God’s Whisper Amid the Roar of the Road

BriBlog, Whatshupp

betty hupp, betty hupp death, blaming God, death of the lost, evangelical guilt, free will, mourning the unsaved

6Remember your Creator before the silver cord is loosed, Or the golden bowl is broken, Or the pitcher shattered at the fountain, Or the wheel broken at the well. 7Then the dust will return to the earth as it was, And the spirit will return to God who gave it.

Ecclesiastes 12:6-6 – NKJV

Disclaimer

I make no apology for this post. With God’s guidance, encouragement, and comfort, I have to deal with the loss of my dear mother however I can. I’m sharing my thoughts and feelings here for two reasons:

  1. I need to regiment them for myself so I can deal with them. Writing them down allows me to define and organize them. I share them in the hope that the feedback I receive from the readers – especially my brothers and sisters in Christ – will help give me some peace of mind.
  2. I hope they may be of use to someone who needs to hear the truth.

I am fully aware that some of the things written here will be offensive to some – perhaps especially to some of those I dearly love the most. Once again, I make no apology. I have a God-ordained right to my thoughts. Even in our politically correct society – for the time being at least – I still have the right to voice my thoughts and feelings in any way I please.

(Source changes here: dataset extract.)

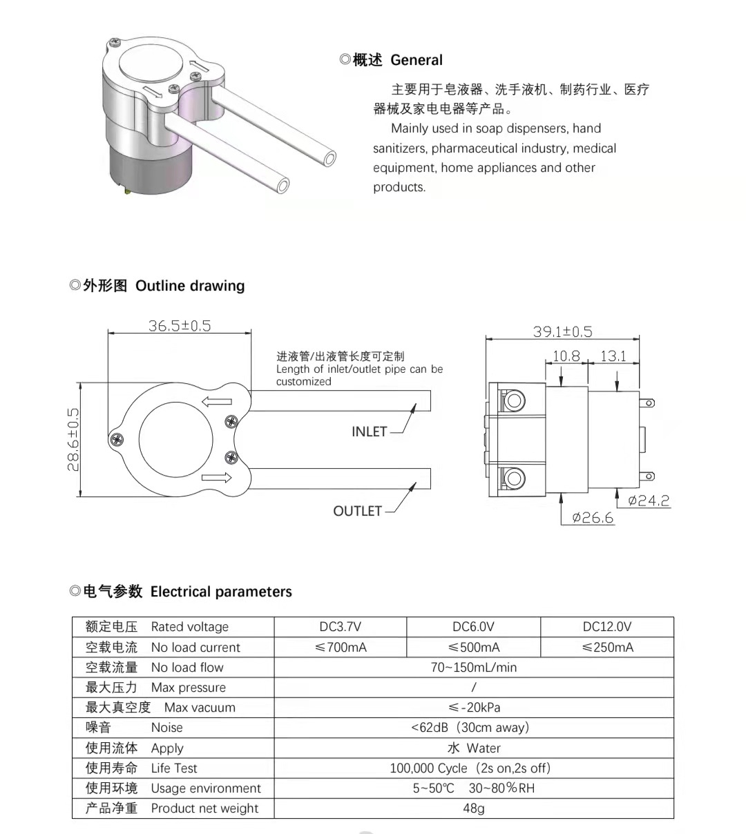 3-12V DC Mini Water Pump / 310 Mini Peristaltic Pump / Induction Hand Sanitizer Oil Metering Pump

It is thoroughly predictable that some will take offense, and even be deeply hurt by this post. Paul wrote about this nearly two thousand years ago to the church in Corinth.

18For the message of the cross is foolishness to those who are perishing, but to us who are being saved it is the power of God. 19For it is written: “I will destroy the wisdom of the wise, And bring to nothing the understanding of the prudent.20Where is the wise? Where is the scribe? Where is the disputer of this age? Has not God made foolish the wisdom of this world? 21For since, in the wisdom of God, the world through wisdom did not know God, it pleased God through the foolishness of the message preached to save those who believe. 22For Jews request a sign, and Greeks seek after wisdom; 23but we preach Christ crucified, to the Jews a stumbling block and to the Greeks foolishness, 24but to those who are called, both Jews and Greeks, Christ the power of God and the wisdom of God. 25Because the foolishness of God is wiser than men, and the weakness of God is stronger than men. 26For you see your calling, brethren, that not many wise according to the flesh, not many mighty, not many noble, are called.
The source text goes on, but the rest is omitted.